In Solomon v. United States, No. 17-14830 (Jan. 8, 2019) (William Pryor, Grant, Hull) (per curiam), the Court affirmed the denial of a successive 2255 motion to vacate a 924(c) conviction in light of Johnson.

The Court held that, in light of its en banc decision in Ovalles II and its subsequent decision in In re Garrett, the successive 2255 motion did not satisfy the gatekeeping requirements of 2255(h).  Because neither Johnson nor Dimaya invalidated the residual clause in 924(c)(3)(B), there was no rule of constitutional law supporting the claim.  Moreover, any challenge to the district court's use of the categorical approach (as opposed to a fact-based approach) would also not satisfy 2255(h), because that claim would be statutory rather than constitutional in nature.

Thursday, December 06, 2018

Barton: Rejecting Daubert Challenge to Expert Methodology for DNA Testing

In United States v. Barton, No. 17-10559 (Dec. 6, 2018) (Marcus, Newsom, Anderson), the Court affirmed the defendant's felon in possession conviction.

The sole issue on appeal was whether the district court abused its discretion under Daubert by admitting expert testimony concerning DNA evidence.  Focusing on the deferential standard of review, the Court rejected the defendant's arguments that the expert's methodology was unreliable because of the low quantity DNA mixture present and the absence of appropriate validation testing and interpretive thresholds for complex mixtures.  The Court found that the defendant's arguments went to weight rather than admissibility.  And, although the defendant identified newly-available scientific journals that bore on the reliability of the expert's methodology, the Court declined to consider them, because they were not included in the district court and were not a part of the record on appeal.  Where newly-discovered evidence undermines the validity of the conviction, the defendant may seek a new trial in the district court; but an appellate court may not consider that evidence for the first time on appeal and make factual findings.  Finally, the court held that the admission of the DNA evidence was harmless in any event because the other evidence of guilt was overwhelming.

Friday, November 16, 2018

St. Hubert: Hobbs Act Robbery and Attempted Hobbs Act Robbery are Crimes of Violence Under Both Clauses in 924(c)

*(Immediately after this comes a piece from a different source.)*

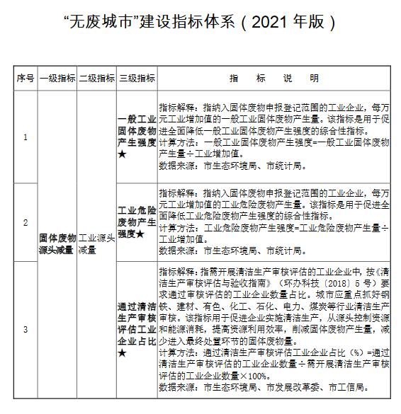 為指導(dǎo)城市做好“無(wú)廢城市”建設(shè)工作,推動(dòng)城市大幅度減少固體廢物產(chǎn)生量,促進(jìn)固體廢物綜合利用,降低固體廢物危害性,最大限度降低固體廢物填埋量,穩(wěn)步提升固體廢物治理體系和治理能力,制定《“無(wú)廢城市”建設(shè)指標(biāo)體系(2021 年版)》[以下簡(jiǎn)稱《指標(biāo)體系(2021 年版)》]。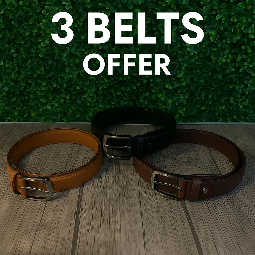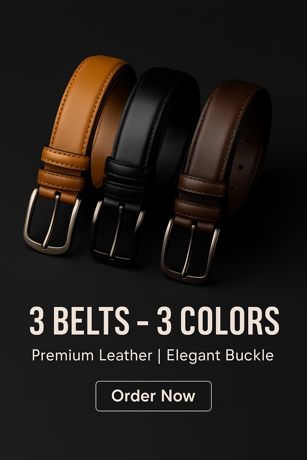 كم مرة اضطررت لشراء حزام جديد لأن التوكة انكسرت أو الجلد تشقق بسرعة؟ هذا العرض يحل مشكلتين: التكلفة والجودة! تحصل على 3 أحزمة مصنوعة من جلد بقري طبيعي 100% (وجهين)، مما يضاعف عمرها. العرض 3.5 سم مثالي للمظهر الكلاسيك والسمارت كاجوال.

In United States v. St.Hubert, No. 16-10874 (Nov. 15, 2018) (Hull, Marcus, Anderson), the Court sua sponte modified its earlier opinion in part and applied the recent en banc decision in Ovalles.

The Court reinstated without change its earlier analysis rejecting the government's argument that the defendant's guilty plea waived his argument that his convictions were not crimes of violence.  It also reinstated without change its holding that Hobbs Act robbery qualified as a crime of violence under the elements clause in 924(c)(3)(A). 

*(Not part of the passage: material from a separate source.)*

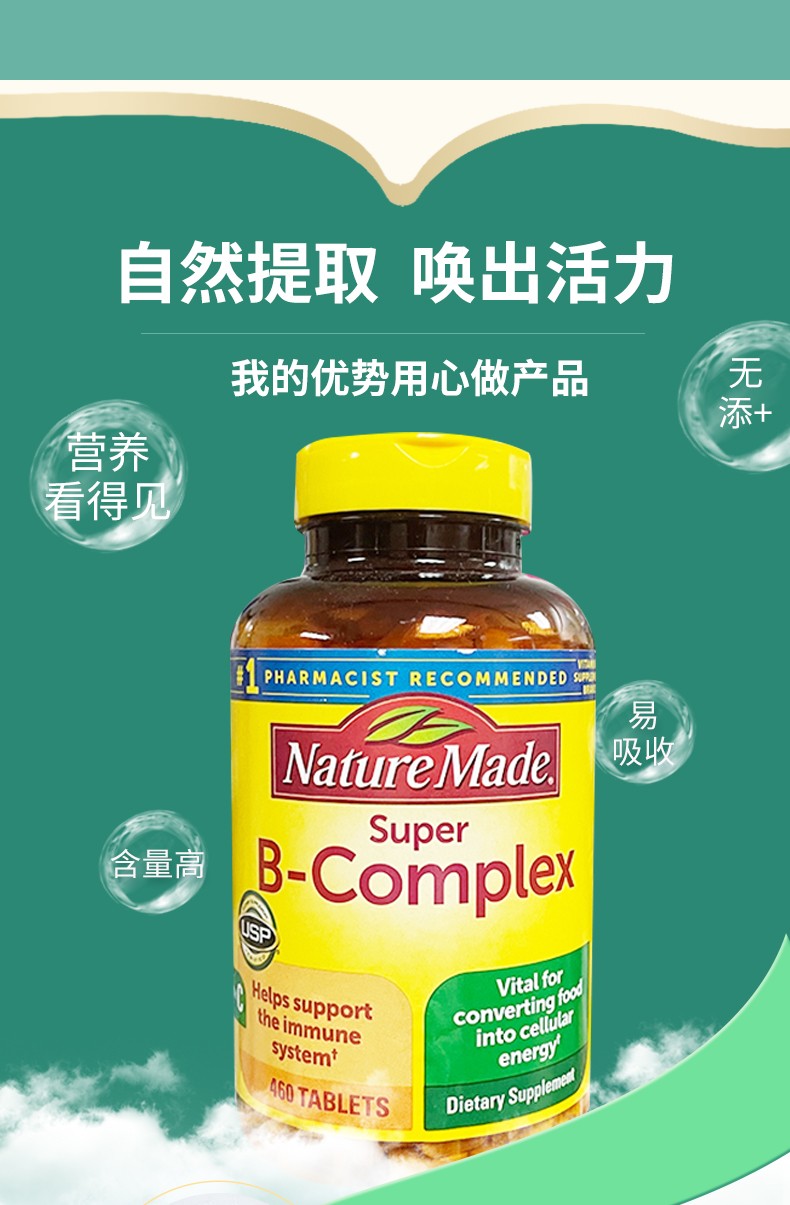 美国直邮Nature Made VB片复合B族维生素含维生素C叶酸460粒

Applying Ovalles' conduct-based approach, the Court held that the defendant's Hobbs Act robbery conviction satisfied the residual clause in 924(c)(3)(B).  Reviewing the facts admitted at the plea hearing -- namely, brandishing a firearm and threatening to shoot store employees during a robbery -- the Court concluded that his offense involved a substantial risk that physical force may have been used against a person or property.

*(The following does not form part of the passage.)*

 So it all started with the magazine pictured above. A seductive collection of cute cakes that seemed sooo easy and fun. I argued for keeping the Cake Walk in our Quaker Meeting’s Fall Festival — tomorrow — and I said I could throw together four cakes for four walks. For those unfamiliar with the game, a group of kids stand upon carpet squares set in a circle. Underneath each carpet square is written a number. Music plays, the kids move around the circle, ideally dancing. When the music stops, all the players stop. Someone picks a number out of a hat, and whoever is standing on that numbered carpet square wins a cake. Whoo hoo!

The Court also held that the defendant's attempted Hobbs Act robbery conviction was a crime of violence under both the elements clause and residual clause in 924(c).  As to the residual clause, the Court again reviewed the facts admitted at the plea hearing -- which involved brandishing a firearm, holding it against one employee's side while directing another to open the safe, but fleeing before he could take any money -- and concluded that this conduct involved a substantial risk that physical force might be used against a person or property.  Alternatively, the Court reiterated and slightly modified its holding that attempted Hobbs Act robbery satisfied the elements clause because it necessarily involves the attempted use of force or threatened force.